# Advice for Pensacola bay/santa rosa sound



## jeremyledford (Jul 11, 2017)

I'm taking my skeeter bay boat down for a few days and was wondering if y'all had any tips for the area. I usually hit up a few dock lights but as hot as it is this time of year it's usually all dinks. I just can't seem to find deep docks with good lights. 
All of the bay and Santa Rosa sound are fair game. Also may run offshore a few miles if weather is right although snapper won't be in during the week. I'm mostly interested in catching anything that will pull pretty good and get the old man's heart going. Eating fish is a plus, though. Especially if anyone knows a good place to flounder during the summer. They always get the best of me. 

Any advice for kings? Wouldn't mind that route if I could catch several per morning. 

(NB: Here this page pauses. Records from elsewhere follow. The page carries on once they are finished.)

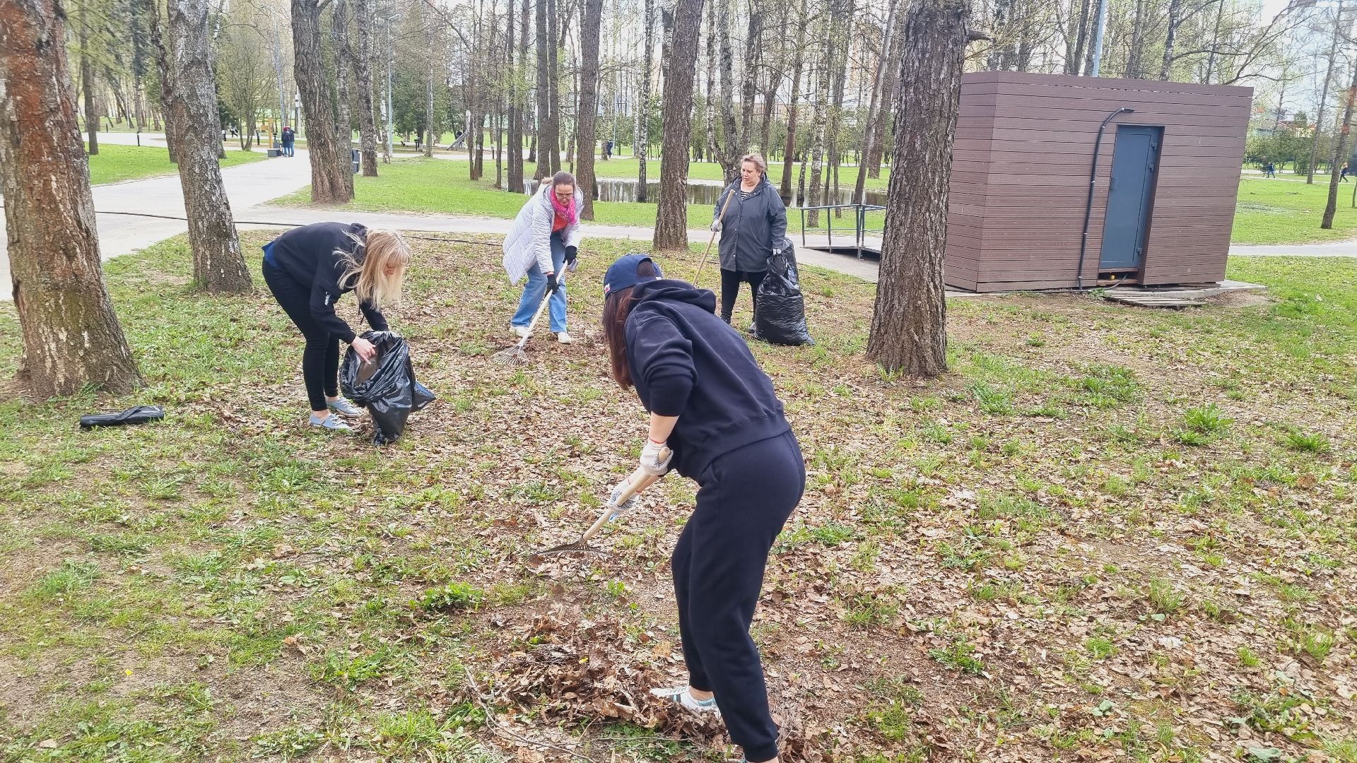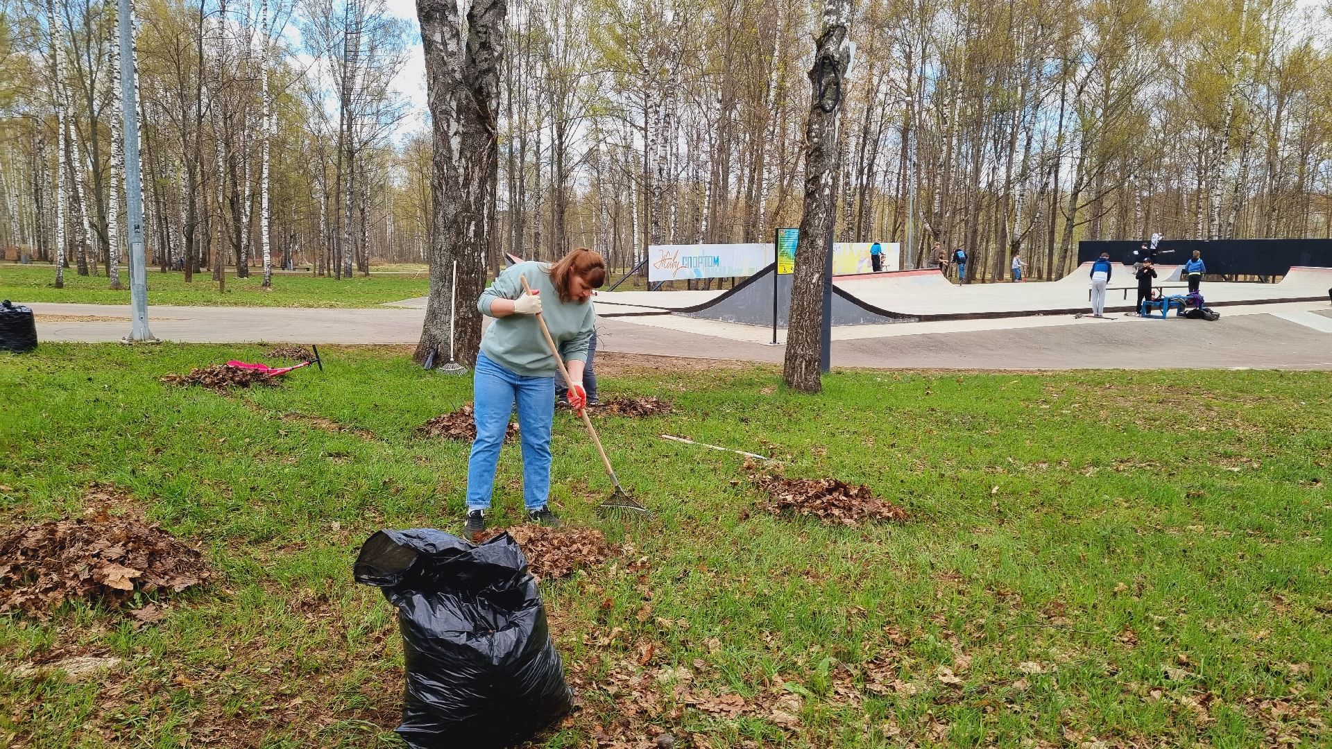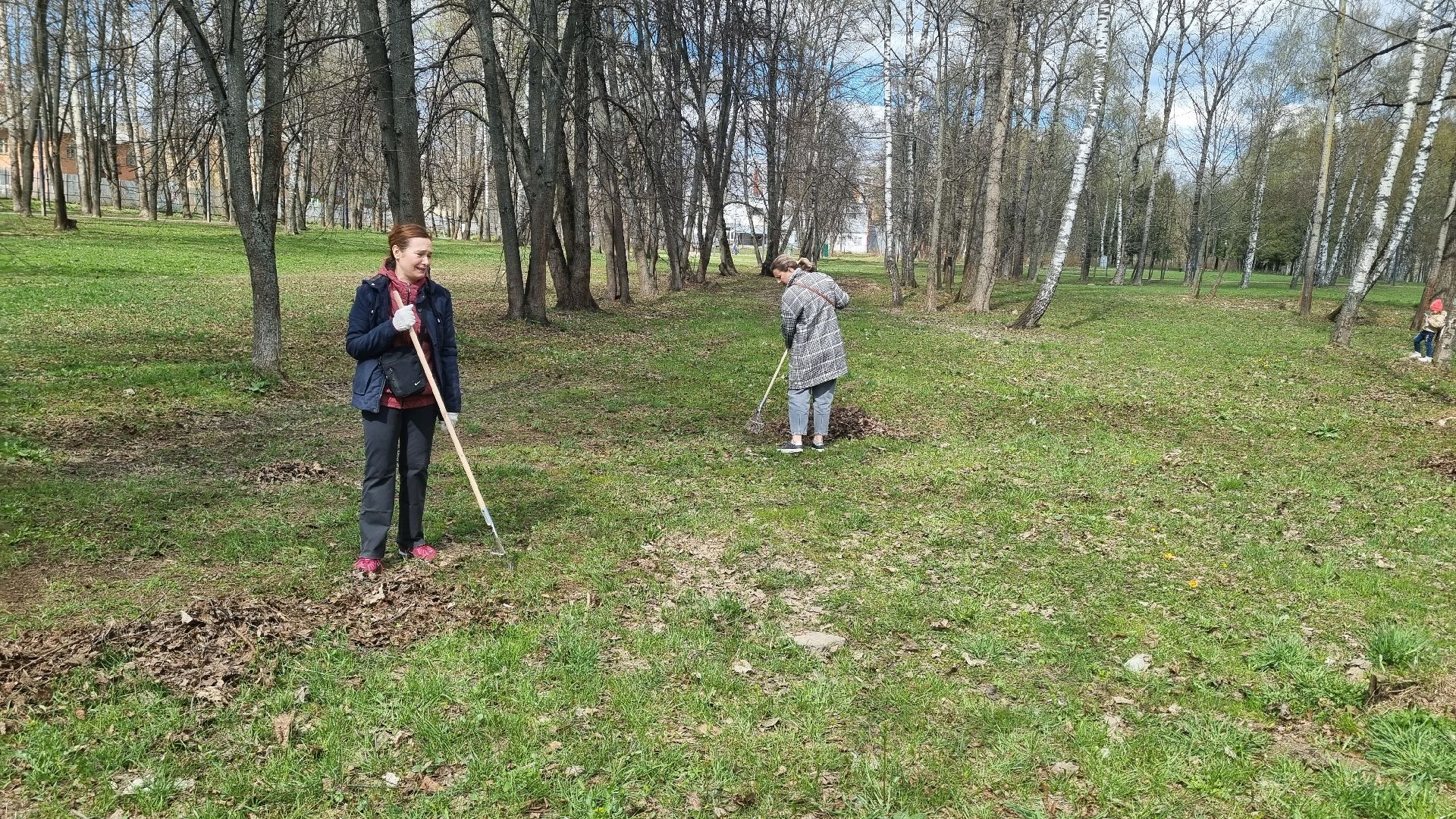 Муниципальное казённое учреждение межведомственное централизованная бухгалтерия в количестве пятидесяти сотрудников города Ивантеевки произвела смёт прошлогодней листвы в Центральном городском парке.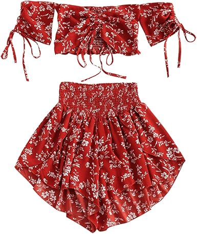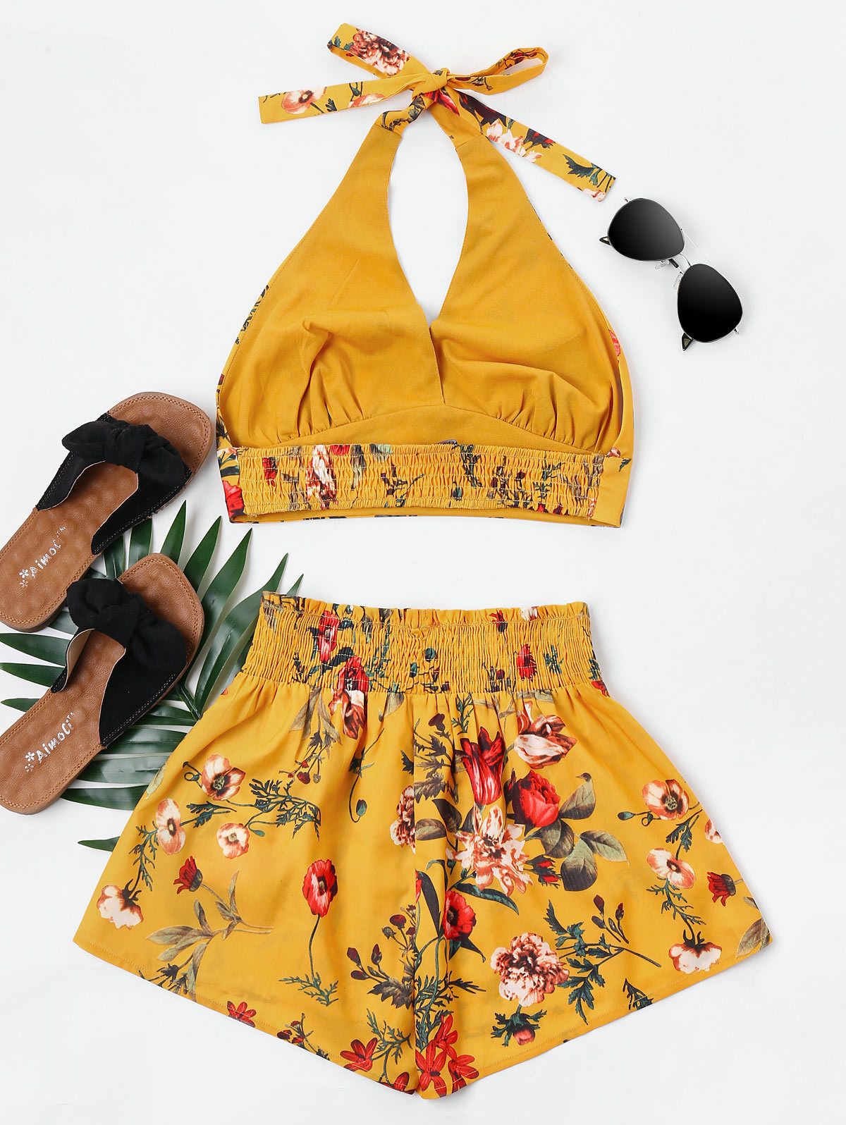 2020 Zaful Women Set Summer Semi Sleeveless Floral Crop Top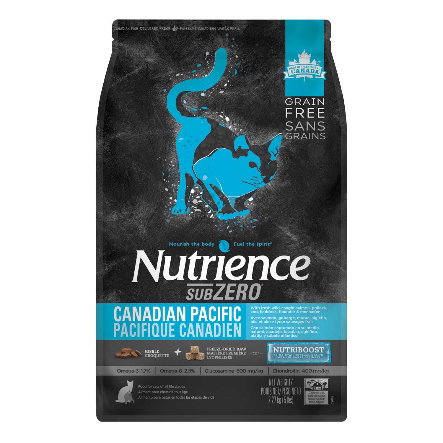 Nutrience Grain Free Subzero is a Canadian-made ancestral diet combining protein-rich kibble and freeze-dried NUTRIBOOST to deliver the nutritional benefits of raw in a convenient & easy to use recipe. Fresh salmon & herring is infused with green mussels, pacific cod liver, pumpkin and Acadian kelp and gently freeze-dried to lock in the natural goodness of raw, providing superior flavor and promoting optimal health. Our Canadian Pacific formula is prepared with fresh, never frozen wild-caught fish and real freeze-dried fish for a superior flavor that even the finickiest cats will crave.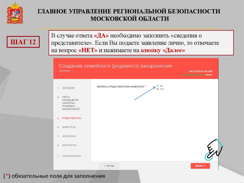 представителе». Если Вы подаете заявление лично, то отвечаете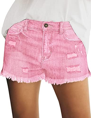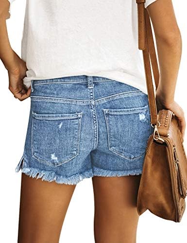 luvamia Women's Casual Mid Rise Denim Shorts Stretch Ripped Raw Hem Jean Shorts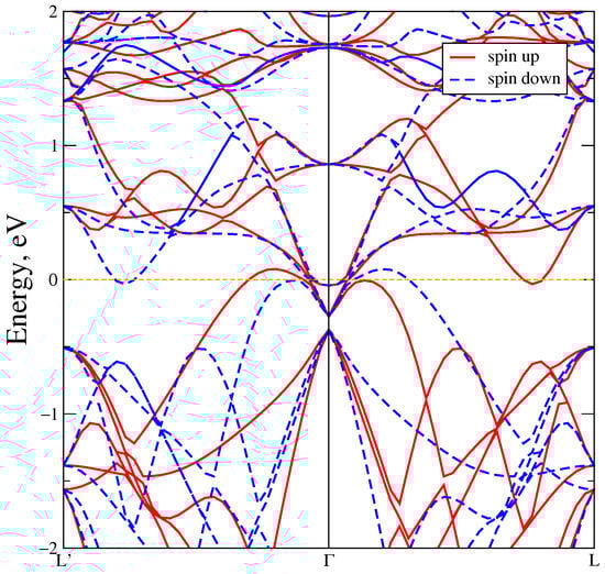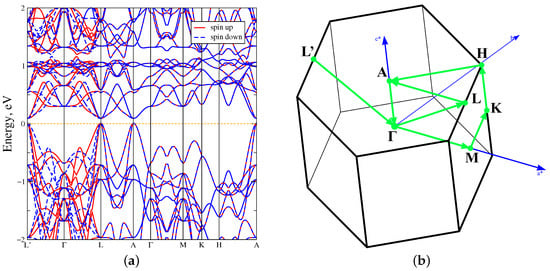 Figure 3a demonstrates the band structure in the L’––L–A––M–K–H–A direction of MnTe in the GGA approximation. Also the MnTe Brillouin zone with the direction of the bypass high-symmetry points is demonstrated in Figure 3b. The red lines indicate the spin up projection, blue dot lines–the spin down projection. It is seen, that bands in the spin up and down projections are matched in the direct L–A––M–K–H–A intervals, which indicates antiferromagnetic nature. But a spin splitting as a result of the broken time-reversal symmetry () is observed in the reverse L’––L direction. For this reason, the spin up and spin down projections are mirrored but indicate the ferromagnetic nature. All these facts confirm that MnTe exhibits altermagnetic properties.The bandgap width is equal to 0.2 eV due to the presence of states in the vicinity of the Fermi level at L’, L and A high-symmetry points. In turn, at the other high-symmetry points, such as , the direct energy gap width is 1 eV. Also the bandgap width achieves 1.75 eV at the H point.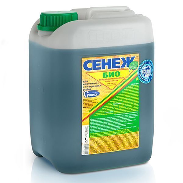 Антисептик СЕНЕЖ БИО предназначен для усиленной защиты древесины от гниения, плесени, синевы и насекомых-древоточцев при эксплуатации в непосредственном контакте с человеком и домашними животными внутри помещений и на открытом воздухе в особо тяжелых условиях увлажнения, длительном воздействии атмосферной или почвенной влаги, при контакте с грунтом, органическими отходами, в том числе, в условиях тропического и тропического влажного климата самостоятельно или в качестве биозащитной грунтовки под ЛКМ.

Any advice here or PM is appreciated. Been checking out PFF a lot so I know the area pretty well but y'all are much better about giving advice.


----------



## Sporterfield (Jul 21, 2017)

For kings I've caught them trolling hard plastics like the Rapala magnum 4 1/2 in. You'll catch Bonita too and may run into some blackfin this time of year. Mostly trolling 1-2miles out over wrecks and down the beach.


----------



## jeremyledford (Jul 21, 2017)

Sporterfield said:


> For kings I've caught them trolling hard plastics like the Rapala magnum 4 1/2 in. You'll catch Bonita too and may run into some blackfin this time of year. Mostly trolling 1-2miles out over wrecks and down the beach.



Definitely appreciate it! Gonna try to find some Spanish for sure.


----------



## Sporterfield (Jul 21, 2017)

Oh ya caught a few of those with them plugs too, we have found them close to both bridges in the Choctawhatchee bay pretty thick around September. Best luck on gold spoons.


----------